Такой попыткой, например, было во второй половине прошлого века т. и. передвижничество, начавшееся с реакции против академизма, но кончившее потерей даже тех крох, которыми обладала Академия. Идеологом этого направления был В. Стасов, который восторгался всяким народным произведением, ценил всякую мелочь, вышедшую из рук кустаря, до возведения в перл создания, и одновременно поощрял передвижничество, не замечая, какая пропасть между тем и другим. Однако время от времени возобновляющиеся попытки в конце концов должны были привести к известным результатам. Особенно быстро дело двинулось вперёд за вторую половину XIX столетия (не без помощи вышеназванного передвижничества). Главную роль, громадную и положительную, в этом росте культуры городов, столь оказавшемся благотворным для чистого искусства и его расцвета, сыграли те умственные течения России 60<-х> и 70<-х> годов, которые именно яро отрицали всякое самодовлеющее искусство и прославляли утилитаризм. Постепенно создавалась обстановка, которая могла позволить русским мастерам преодолеть двухвековую косность, начать возвеличивать родную живопись. Нужны были ещё некоторые побудители, чтобы разбить последние стены.
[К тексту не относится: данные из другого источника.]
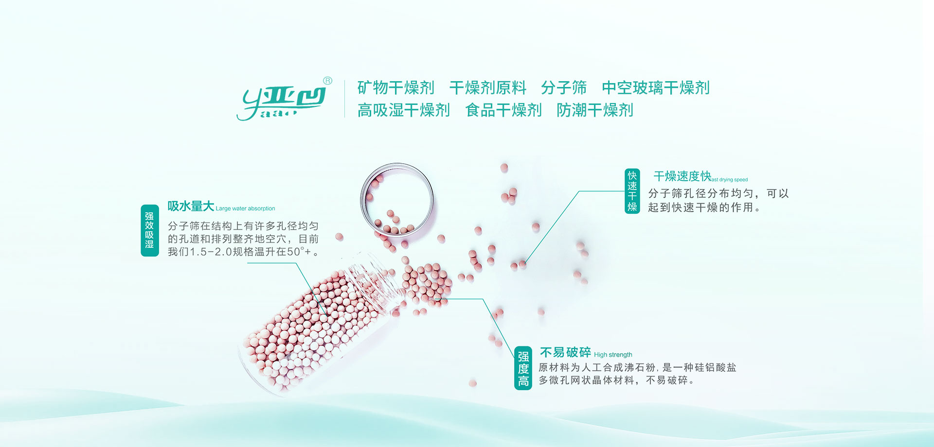 2010年,公司確立剝離非核心業務,專門從事中空玻璃分子篩的研發(fā)、生產和銷售,公司現主營產品包括中空玻璃干燥劑,百葉中空玻璃干燥劑,食用油脫色劑,汽車剎車干燥劑等,產品廣泛應用于玻璃制品、汽車零部件、鞋帽、服裝、箱包、食品等行業,具有無毒、無味、無腐蝕性、性能穩(wěn)定、綠色環(huán)保、吸附性強等特點。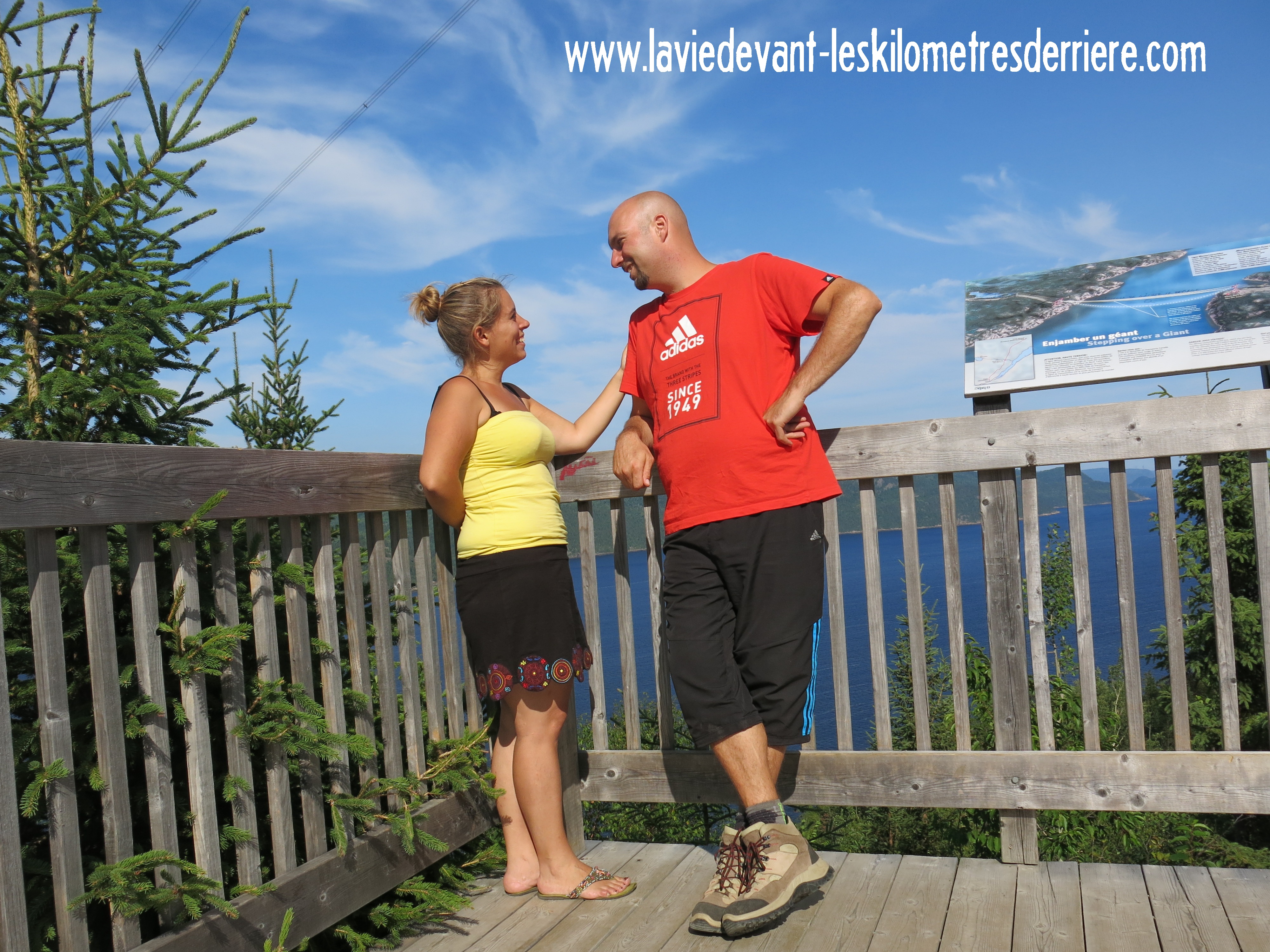 En fin d’après-midi, nous avons repris la route jusqu’à St-Joseph-de-la-Rive. Sans savoir ce que nous y trouverions, nous avons finalement découvert un chouette endroit pour bivouaquer. A côté d’une ancienne école, sur un parking destiné aux touristes, avec les commodités nécessaires et un accès à la plage situé en contre-bas. La nuit fut très bonne et calme. Nous avons profité de prendre une bonne matinée de tranquillité et ainsi vaqué à nos loisirs respectifs, soit fitness-musculation pour moi et onglerie pour madame. Bénéficiant d’une connexion wi-fi venant de je ne sais où, nous avons pu Skyper avec ma sœur et sa famille ainsi que mon papa. Ça fait du bien de communiquer avec les siens !

Этими побудителями явились французские живописцы конца века. Влияние их было велико и пошло по двум направлениям. С одной стороны, разбудив силы русского художника, оно дало ему недостающие знания и позволило понять великие достоинства произведений народных и допетровской эпохи, сделав тем самым возможным возврат к национальному мастерству; а с другой стороны, французы позволили русскому горожанину, поднявшись в своём уровне, перенести их принципы на русскую почву и, придав им своеобразную окраску, их разрабатывать и двинуть вперёд, создавая школу знания.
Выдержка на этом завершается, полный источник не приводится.